--- Exercise data ---
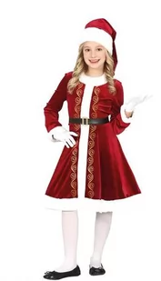 W zestawie znajdują się: sukienka, czapka, pasek. Sukienka z długim rękawem, wykonana materiału imitującego welur. Na kołnierzu, mankietach i u dołu sukienka obszyta białym futerkiem. Zapinana z tyłu na rzep.
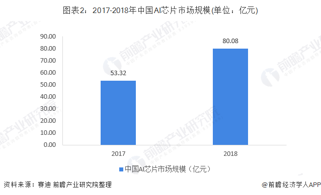 根据调研数据机构赛迪顾问在2019世界人工智能大会上发布的《中国人工智能芯片产业发展白皮书》的数据显示,2018年中国AI芯片市场继续保持高速增长,整体市场规模达到80.08亿元,同比增长50.2%。
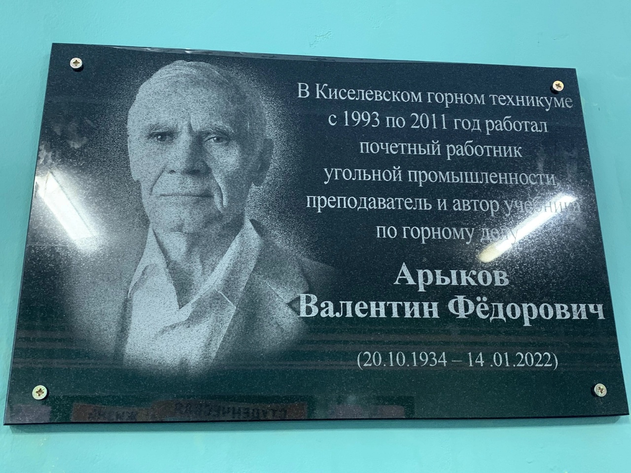 19 октября 2023 года в здании Киселевского горного техникума установлена мемориальная доска и увековечена память о почетном работнике угольной промышленности Арыкове Валентине Федоровиче.
---
About this task = Retype only the lines from the line with "根据调研数据机构赛迪顾问在2" through the last line of the data. Keep both ends and skip the pictures.

Reply =
 根据调研数据机构赛迪顾问在2019世界人工智能大会上发布的《中国人工智能芯片产业发展白皮书》的数据显示,2018年中国AI芯片市场继续保持高速增长,整体市场规模达到80.08亿元,同比增长50.2%。
 19 октября 2023 года в здании Киселевского горного техникума установлена мемориальная доска и увековечена память о почетном работнике угольной промышленности Арыкове Валентине Федоровиче.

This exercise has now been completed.